# Saving Money



## Tab (Nov 24, 2010)

You all know the story: We were ahead and then the gas valve on our furnace broke and the reg bills took care of the rest. I know God will get us through, He always does




In the meanwhile, do any of you have suggestions on creative ways to save money or make it stretch? Thank you in advance for any creative comments or suggestions!


----------



## SampleMM (Nov 24, 2010)

Hi Tab, I think we can all relate to this. At one point or another, everyone has had money issues. One thing I do is hang up all of our clothes. I started it because my daughter's shirts were shrinking but I soon realized it helped cut down on the electric bill. Consequently, I hardly dry a thing. I also like to buy my cleaning products at the dollar stores as they are cheaper. I can pack a lunch cheaper than my kids can buy one. Also, less trips to town helps save on gas. One other thing I have considered and may do is to get rid of my home phone and just have our cell phones. If you have long distance on your phone, you can get a prepaid cell phone to cut down on the phone bill. If you have call waiting, caller id, call forwarding, you may want to consider getting rid of that.

If anything else comes to me, I'll update this!


----------



## Miniv (Nov 24, 2010)

Totally understand where you're coming from......

We've been watching things too.....Larry has covered most of our windows with plastic sheeting to help keep the heat in. We use a wood stove, but with electric base board heating as back up. Our place is an old farm house, so there's good and bad to it. )

I try to combine my reasons for driving into town, like SampleMM posted.

Food shopping means doing more from scratch (which I have always tended to do.) . Prepared foods cost more. I buy meat according to what's on sale that week and plan more than one meal from it. If I'm lucky I can get THREE meals. When there's a major sale on either canned goods or frozen items that I use regularly, I stock up.

We went through our garage and closets and pulled out a bunch of stuff.....Had a yard sale last month which helped. We also discovered some neat stuff to sell either on E-Bay or Craig's list.....(old books).


----------



## Pepipony (Nov 24, 2010)

Coupons. Get at least one sunday paper a week, I get 2 , different types so different coupons. Then go through all the sales ads, walmart wil competition price any local ad, but not for free or % off. If a store has an instore coupon, you can then usually use a manufacturers coupon for the same item. Also watch when a place has a 'with card' price , like CVS, sometimes its more but if they offer a % back it can be worth it. With those cards check the reader when you come in, sometimes you will get $ coupon , like $5 off entire purchase or a store coupon.

Dont run to the store for every little thing, that gallon of milk will cost you much more with all the stuff you get, that you didnt need. Start a pantry, household cleaning closet and freezer. If you have an item or 2 in reserve, you can then wait for a great sale instead of paying the shelf price when you really need something. Also check online for coupons. Its nothing for me to save 30-50% every month.

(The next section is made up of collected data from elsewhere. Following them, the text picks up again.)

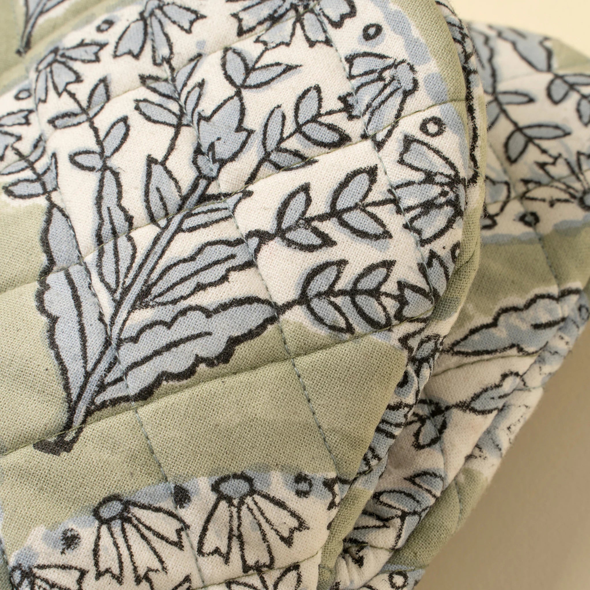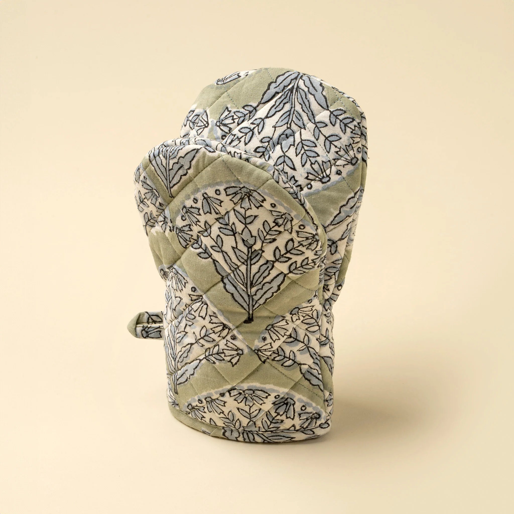 Add charm and practicality to your kitchen with the Sakura Block Print Oven Mitt. Made in India from 100% cotton, this artisan-crafted oven glove features a soft green base adorned with a fan-like pattern of floral sprays in muted blue, inspired by our traditional hand block printed designs. Its quilted texture, timeless silhouette, and easy-to-hang loop blend style and everyday functionality with ease.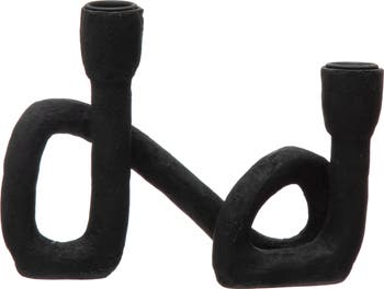 Illuminate the home with this black resin double taper candle holder. This candle holder features a unique and artistic shape that resembles two intertwined loops. The matte black finish adds a touch of sophistication and contrast to any space. This candle holder can hold two standard wax or LED taper candles (not included) that create a warm and cozy atmosphere. It measures 8.5 inches in length, 2.5 inches in width, and 6.25 inches in height. Whether placed as a statement piece or with a complementary grouping, this candle holder will be a wonderful accent for the living room, dining room, kitchen, bedroom, or office.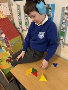 In class, some children played with the dienes materials again, creating different amounts. The 3d shapes were popular with most children exploring them during free- play (choose time). We’ve had some time to develop our understanding of patterns and this will continue next week. We continue to develop our literacy skills at our own individual levels.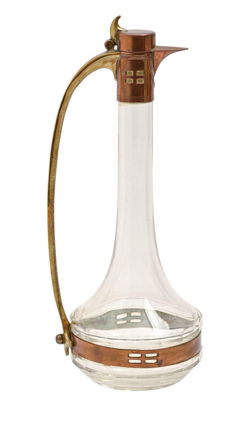 A WMF-style Jugendstil brass, copper-plated, pewter mounted glass wine jug, the design attributed to Jan Eisenoleffel, 26cm h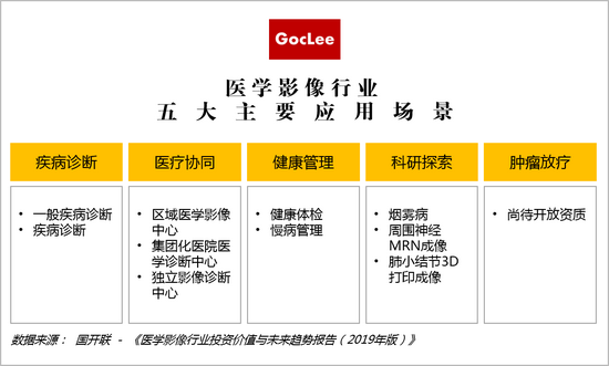 《報(bào)告》預(yù)測(cè),隨著多方資本的介入,獨(dú)立醫(yī)學(xué)影像中心應(yīng)用場(chǎng)景必將不斷拓寬,以健康管理、科研探索、腫瘤放療、精密體檢、慢病管理等為代表的多元化應(yīng)用場(chǎng)景在短期內(nèi)或?qū)⒈豢焖偌せ睢?/strong>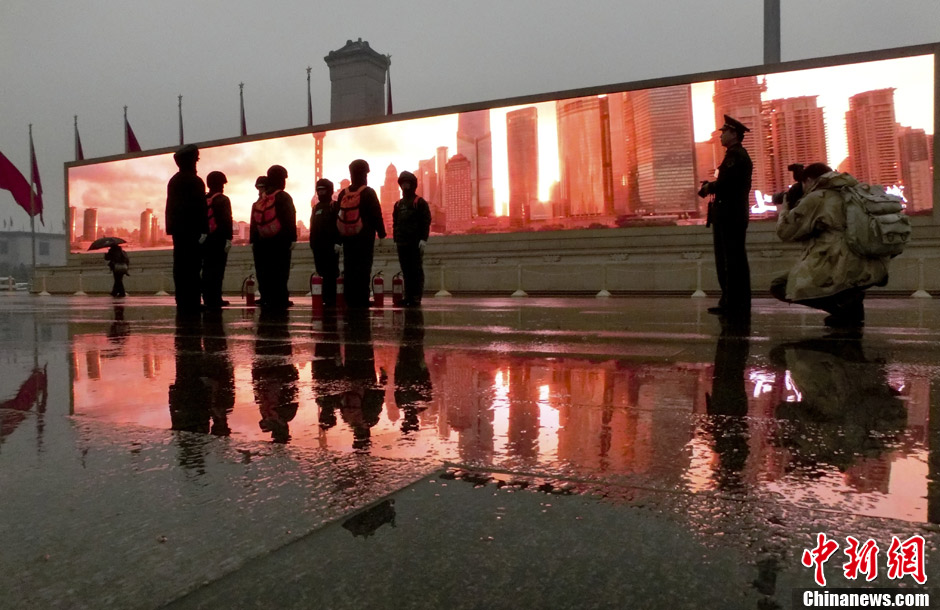 3月12日,全国政协十二届一次会议在北京人民大会堂闭幕。当日,北京迎来降雨天气。中新社发 廖攀 摄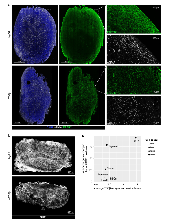 根據觀(guān)察到的基因表達變化,作者利用冷凍保存的腫瘤從同型或抗tgfβ處理小鼠切片,染色和共聚焦顯微鏡成像等方法確定了TGFβ-阻斷是否對構成腫瘤建筑框架結構產(chǎn)生損傷。Acta2表達的鏡像變化,肌成纖維細胞網(wǎng)絡(luò )的顯著(zhù)改變,細長(cháng)的紡錘形細胞稀少等揭示了瘤內結構組織的顯著(zhù)變化,表明TGFβ阻斷抗體處理小鼠的高網(wǎng)狀纖維網(wǎng)絡(luò )丟失(圖3a)。通過(guò)對全器官的斷層掃描,進(jìn)一步證實(shí)了膠原骨架形成的整體損傷,如圖3b所示。單細胞RNAseq分析結果表明基因的數量受anti-TGFβ治療明顯更大 (圖3 c),也與先前的結果一致。

Dont be bashfull about coupons, load em up and save. Watch when the cashier scans your coupons because it isnt odd for the coupon to be one $ and ring another. Also watch for the items price, stores arent watching out anymore about price discrepancies, I dont think they care and I dont think they see it as stealing, but it is.

Look online for store coupons and sign up at stores for email. Just make a yahoo or msn type email and use it solely for these things, so you dont inundate yourself with spam.

Call utilities and ask for a price break. Make sure your property tax is correct. Hope these help *-)


----------



## disneyhorse (Nov 24, 2010)

I agree with the coupons... but make sure you cut out only the ones for "essentials." If you don't normally buy it, don't cut the coupon and be tempted to buy the new-fangled frozen entrees, cookies, or whatnot.

Cooking your own food from scratch versus buying fast food or going out to eat is not only cheaper, but healthier. Make things that you can eat for leftovers, too.

Also, go through your monthly expenses and see what you are spending on. Is there anything you can cut back on? Sometimes those "extras" such as newspapers, Netflix accounts, or whatever can be cut back on or eliminated if they are truly a luxury you could probably do without.

Good luck,

Andrea


----------



## Bess Kelly (Nov 24, 2010)

Check your supplies on hand -- and use those before buying more. Personally, I tend to have a couple weeks of needs as I buy specials that I use when can, keep my freezer pretty well stock with sales, etc. So see if you have foods "sitting" that you can use up and not need so much at store. This has gotten me through often. Meats are the most costly, so use smaller portions, extend them in a soup, etc. whether leftovers or just planned. Use meatless meals -- chilis, soups, etc. Healthy AND less expensive. Carry lunches. Carry a thermos of coffee, tea, etc. vice purchase at outside store.

Cut off lights if not in room. Lower thermostats, wear more sweaters.

Conserve and plan........trips to store, bank, etc. Recycle "stuff". If you smoke, STOP! WOW, I'm a lifelong non-smoker but, the cost of those things would give me a heart attack if I was a smoker!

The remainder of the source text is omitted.